Our Purser's steward was a rather gentlemanly man in his way.
Like many young Americans of his class, he had at various times
assumed the most opposite functions for a livelihood, turning
from one to the other with all the facility of a light-hearted,
clever adventurer. He had been a clerk in a steamer on the
Mississippi River; an auctioneer in Ohio; a stock actor at the
Olympic Theatre in New York; and now he was Purser's steward in
the Navy. In the course of this deversified career his natural
wit and waggery had been highly spiced, and every way improved;
and he had acquired the last and most difficult art of the joker,
the art of lengthening his own face while widening those of his
hearers, preserving the utmost solemnity while setting them all
in a roar. He was quite a favourite with the sailors, which, in a
good degree, was owing to his humour; but likewise to his off-
hand, irresistible, romantic, theatrical manner of addressing them.
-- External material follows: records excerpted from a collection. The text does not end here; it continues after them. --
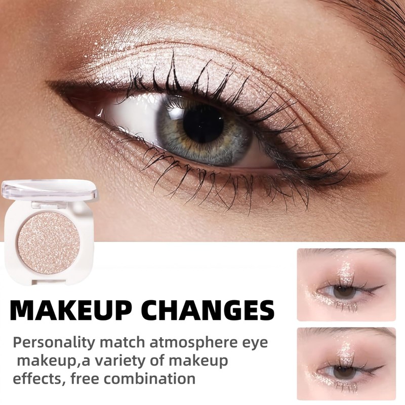 - EASY TO APPLY:This gold glitter eyeshadow is easy to apply and looks good whether used alone or in combination. The single-color design of the glitter make up allows you to avoid worrying about color matching. Even if you are in a hurry in the morning or on a business trip, you can quickly complete your eye makeup. This white eye shadow does not require professional brushes. Just gently tap with your fingertips to blend and touch up your makeup anytime and anywhere. Our white highlighter makeup can be used to brighten the eye sockets and inner corners of the eyes. Even if there is a mistake in blurring, it can still present a natural and slightly sparkling effect
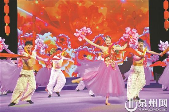 昨晚,泉州歌舞剧团在泉州南音艺苑献上了一场精彩的闽南民间音乐舞蹈艺术展演。该团将近年来创排的优秀歌舞进行重新编排,看点十足,给现场观众带来全新的视听盛宴。整场演出由《盛世欢腾》拉开序幕,紧接着《踏歌起舞》《海市蜃音》《掀起你的盖头来》《茉莉花开》《锦绣中华》等十余个节目接连上演,有欢歌,也有热舞。值得一提的是,参与这场演出的不少舞蹈演员前不久才参加央视春晚表演,这回,让现场观众在家门口欣赏高水准的舞蹈。
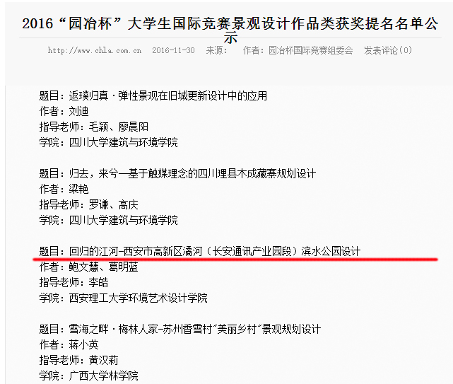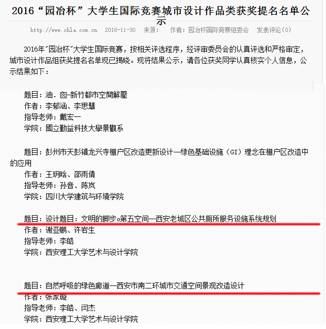 11月30日,2016年“园冶杯”老员工国际竞赛,按相关评选程序,经评审委员会的认真评选和严格审定,城市设计作品组、景观设计作品类获奖提名名单现已揭晓,由太阳成tyc122cc环境设计系李皓老师、闫杰老师指导的员工谢亚鹏、许岩生设计作品《文明的脚步•第五空间——西安老城区公共厕所服务设施系统规划》、员工张家璇设计作品《自然呼吸的绿色廊道——西安市南二环城市交通空间景观改造设计》,员工鲍文慧、葛明蓝设计作品《回归的江河——西安市高新区潏河(长安通讯产业园段)滨水公园设计》,这三组作品成功入围城市设计作品组和景观设计作品类获奖提名名单,并最终于12月初角逐前三等奖。
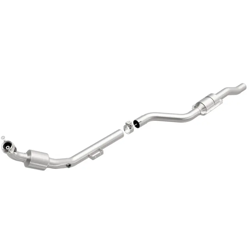 Keep the check engine light off with MagnaFlow OEM Grade Federal/EPA Compliant Direct-Fit Catalytic Converter 51706. With features including free-flowing mandrel-bent tubing and highly corrosion resistant stainless steel construction, easily install this spun body converter yourself using the proper tools, no cutting or welding required. MagnaFlow’s state-of-the-art metrology department uses the latest 3D scanning systems during research and development, so you can be confident that your new part will fit and function like the original equipment. By replicating the OE spun body design, the single laser fusion weld greatly reduces the possibility of a leak, and our compact, low-mass design also allows for greater thermal efficiency. Designed to fit the 2003-2005 Mercedes-Benz E320, 2003-2006 Mercedes-Benz E500, and more, this direct-fit catalytic converter also interchanges with OE parts 211 490 09 19 80 and 211 490 56 19 80, among others. Hardware is included to eliminate the hassle of working with corroded factory parts. This replacement part is designed to meet or exceed Federal emissions requirements set forth by the EPA, complying with legal standards for OBDII Federally registered vehicles with California or Federal/EPA Emission systems.
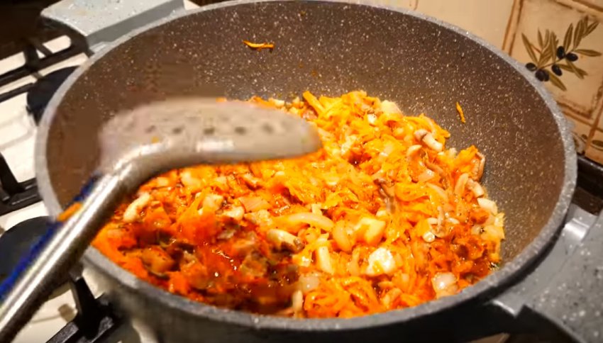 Продовжувати обсмажувати до стану готовності грибів, моркви та цибулі.![]()
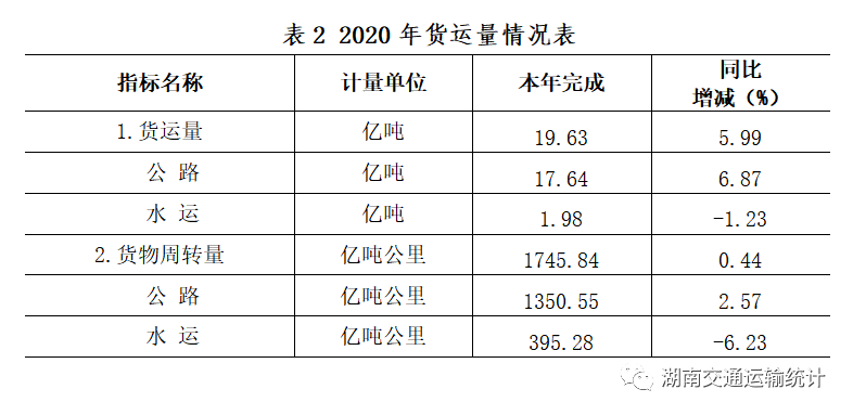 (二)货运总规模同比保持增长态势。全年完成公路水路营业性货运量19.6亿吨,同比增长6.0%。其中:公路完成17.6亿吨、增长6.9%,水路完成2.0亿吨,减少1.2%。完成营业性货物周转量1745.8亿吨公里,同比增长0.4%。

With a dignified air, he now mounted the pedestal of the main-
top-sail sheet-bitts, imposing silence by a theatrical wave of
his hand; meantime, his subordinates were rummaging the bags,
and assorting their contents before him.

"Now, my noble hearties," he began, "we will open this auction by
offering to your impartial competition a very superior pair of
old boots;" and so saying, he dangled aloft one clumsy cowhide
cylinder, almost as large as a fire bucket, as a specimen of the
complete pair.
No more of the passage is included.